The lines below, from the first through the one containing "- 【SUITABLE MODELS】Headlights", are to be given again exactly, with pictures left out and nothing added.

[Stored items]
------------------------------------------------------------------------

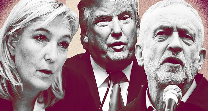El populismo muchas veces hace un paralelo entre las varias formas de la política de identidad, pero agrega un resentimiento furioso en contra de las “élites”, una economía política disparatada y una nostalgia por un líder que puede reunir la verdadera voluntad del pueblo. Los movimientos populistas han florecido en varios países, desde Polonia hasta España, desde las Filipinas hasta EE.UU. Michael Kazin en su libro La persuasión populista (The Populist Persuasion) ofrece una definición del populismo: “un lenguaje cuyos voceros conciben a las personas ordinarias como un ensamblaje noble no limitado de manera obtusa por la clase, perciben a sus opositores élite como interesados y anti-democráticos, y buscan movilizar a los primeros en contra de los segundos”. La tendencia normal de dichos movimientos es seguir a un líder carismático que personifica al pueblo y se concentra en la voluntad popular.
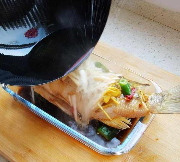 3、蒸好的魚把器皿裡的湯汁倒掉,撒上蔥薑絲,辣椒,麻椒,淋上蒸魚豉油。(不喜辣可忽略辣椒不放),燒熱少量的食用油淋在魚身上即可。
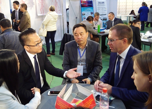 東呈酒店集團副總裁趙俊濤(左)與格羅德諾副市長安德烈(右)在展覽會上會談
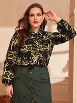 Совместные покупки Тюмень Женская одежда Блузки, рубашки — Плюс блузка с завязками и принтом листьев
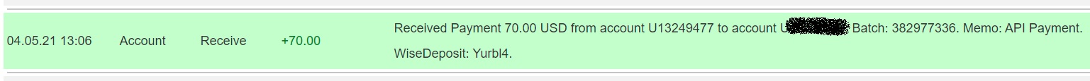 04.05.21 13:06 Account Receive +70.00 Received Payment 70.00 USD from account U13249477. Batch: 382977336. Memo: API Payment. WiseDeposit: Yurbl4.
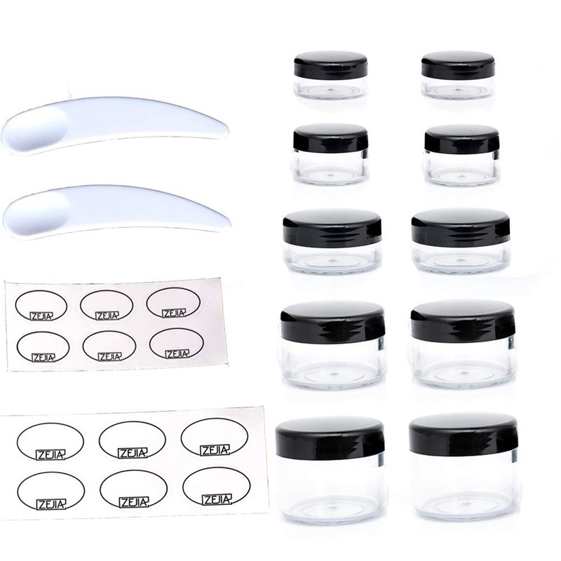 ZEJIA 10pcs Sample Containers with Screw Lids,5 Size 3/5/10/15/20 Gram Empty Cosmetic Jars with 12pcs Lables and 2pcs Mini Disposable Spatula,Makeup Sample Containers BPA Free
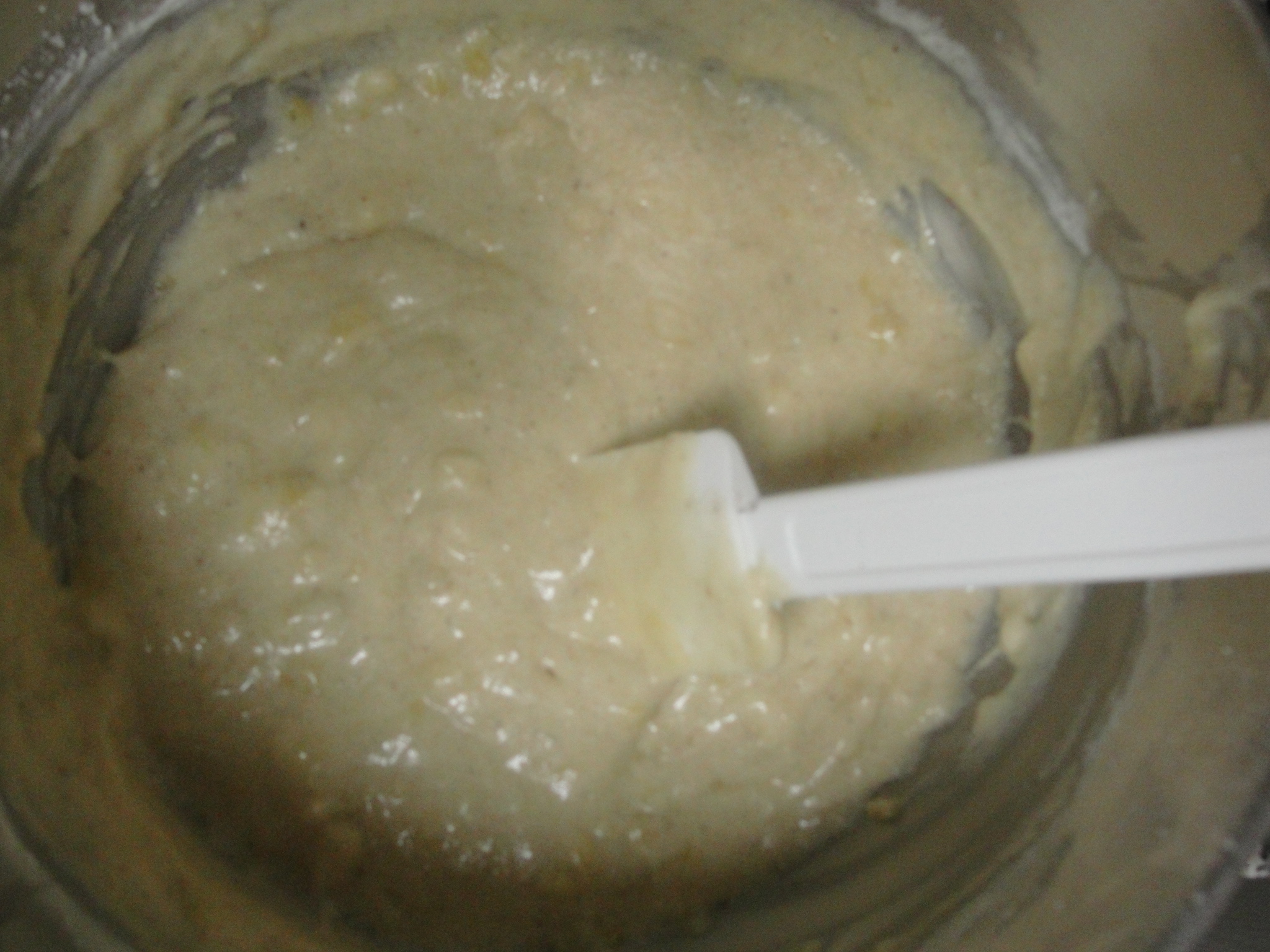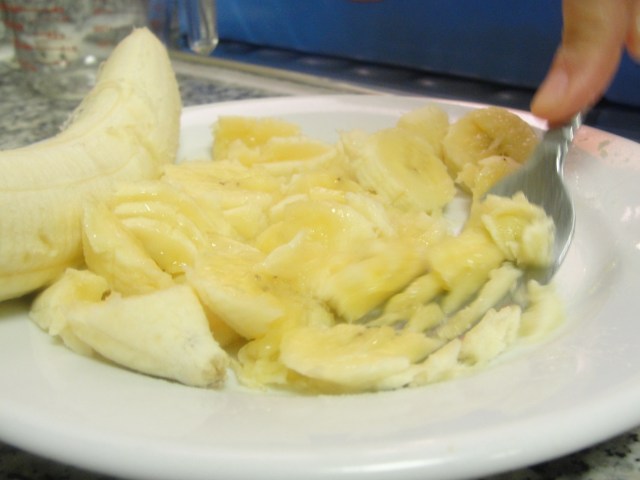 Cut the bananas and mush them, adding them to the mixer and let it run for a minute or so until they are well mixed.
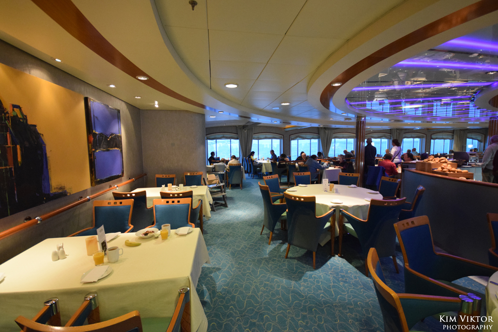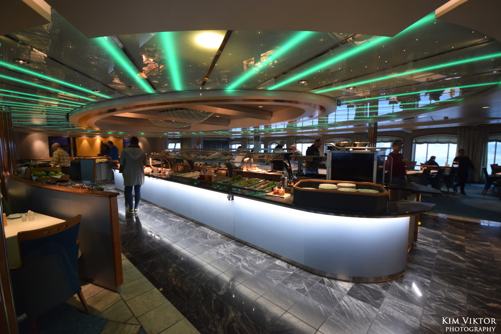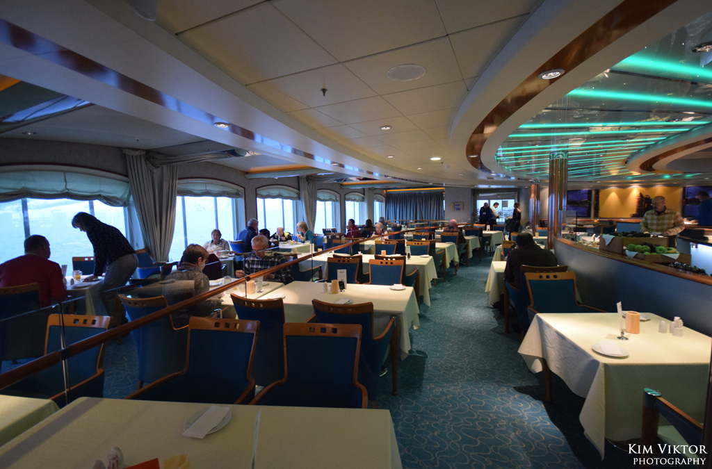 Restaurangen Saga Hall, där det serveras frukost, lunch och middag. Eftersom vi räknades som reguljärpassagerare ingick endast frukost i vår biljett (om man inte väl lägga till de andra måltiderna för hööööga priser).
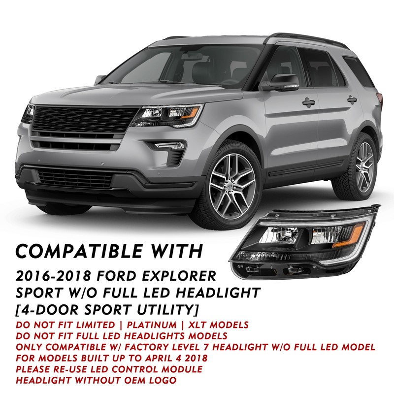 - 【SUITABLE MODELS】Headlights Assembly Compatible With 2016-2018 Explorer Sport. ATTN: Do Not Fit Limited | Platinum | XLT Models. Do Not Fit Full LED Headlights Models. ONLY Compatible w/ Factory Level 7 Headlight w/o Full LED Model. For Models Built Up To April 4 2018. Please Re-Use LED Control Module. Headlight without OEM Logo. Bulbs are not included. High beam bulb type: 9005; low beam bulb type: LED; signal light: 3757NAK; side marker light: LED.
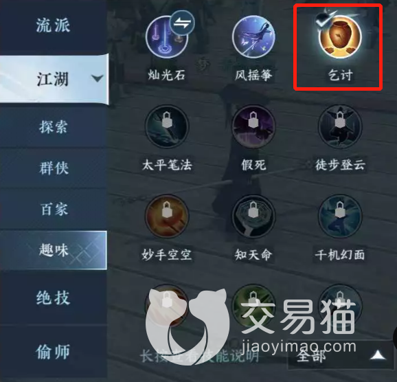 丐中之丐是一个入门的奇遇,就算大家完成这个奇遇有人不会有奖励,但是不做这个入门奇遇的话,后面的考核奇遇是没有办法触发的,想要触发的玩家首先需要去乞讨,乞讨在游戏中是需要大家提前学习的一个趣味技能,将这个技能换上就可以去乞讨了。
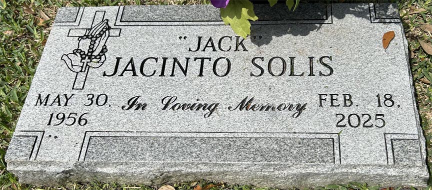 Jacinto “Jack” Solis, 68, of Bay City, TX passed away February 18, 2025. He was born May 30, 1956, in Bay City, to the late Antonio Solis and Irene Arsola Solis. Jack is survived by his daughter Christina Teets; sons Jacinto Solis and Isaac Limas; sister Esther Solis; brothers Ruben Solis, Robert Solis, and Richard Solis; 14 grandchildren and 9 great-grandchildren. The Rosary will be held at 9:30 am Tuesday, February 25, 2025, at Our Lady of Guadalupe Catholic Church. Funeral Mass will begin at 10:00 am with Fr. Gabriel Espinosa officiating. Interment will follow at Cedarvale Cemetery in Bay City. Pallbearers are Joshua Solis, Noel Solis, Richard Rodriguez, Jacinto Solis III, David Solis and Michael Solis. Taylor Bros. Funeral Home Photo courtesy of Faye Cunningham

------------------------------------------------------------------------

Task answer:
El populismo muchas veces hace un paralelo entre las varias formas de la política de identidad, pero agrega un resentimiento furioso en contra de las “élites”, una economía política disparatada y una nostalgia por un líder que puede reunir la verdadera voluntad del pueblo. Los movimientos populistas han florecido en varios países, desde Polonia hasta España, desde las Filipinas hasta EE.UU. Michael Kazin en su libro La persuasión populista (The Populist Persuasion) ofrece una definición del populismo: “un lenguaje cuyos voceros conciben a las personas ordinarias como un ensamblaje noble no limitado de manera obtusa por la clase, perciben a sus opositores élite como interesados y anti-democráticos, y buscan movilizar a los primeros en contra de los segundos”. La tendencia normal de dichos movimientos es seguir a un líder carismático que personifica al pueblo y se concentra en la voluntad popular.
 3、蒸好的魚把器皿裡的湯汁倒掉,撒上蔥薑絲,辣椒,麻椒,淋上蒸魚豉油。(不喜辣可忽略辣椒不放),燒熱少量的食用油淋在魚身上即可。
 東呈酒店集團副總裁趙俊濤(左)與格羅德諾副市長安德烈(右)在展覽會上會談
 Совместные покупки Тюмень Женская одежда Блузки, рубашки — Плюс блузка с завязками и принтом листьев
 04.05.21 13:06 Account Receive +70.00 Received Payment 70.00 USD from account U13249477. Batch: 382977336. Memo: API Payment. WiseDeposit: Yurbl4.
 ZEJIA 10pcs Sample Containers with Screw Lids,5 Size 3/5/10/15/20 Gram Empty Cosmetic Jars with 12pcs Lables and 2pcs Mini Disposable Spatula,Makeup Sample Containers BPA Free
 Cut the bananas and mush them, adding them to the mixer and let it run for a minute or so until they are well mixed.
 Restaurangen Saga Hall, där det serveras frukost, lunch och middag. Eftersom vi räknades som reguljärpassagerare ingick endast frukost i vår biljett (om man inte väl lägga till de andra måltiderna för hööööga priser).
 - 【SUITABLE MODELS】Headlights Assembly Compatible With 2016-2018 Explorer Sport. ATTN: Do Not Fit Limited | Platinum | XLT Models. Do Not Fit Full LED Headlights Models. ONLY Compatible w/ Factory Level 7 Headlight w/o Full LED Model. For Models Built Up To April 4 2018. Please Re-Use LED Control Module. Headlight without OEM Logo. Bulbs are not included. High beam bulb type: 9005; low beam bulb type: LED; signal light: 3757NAK; side marker light: LED.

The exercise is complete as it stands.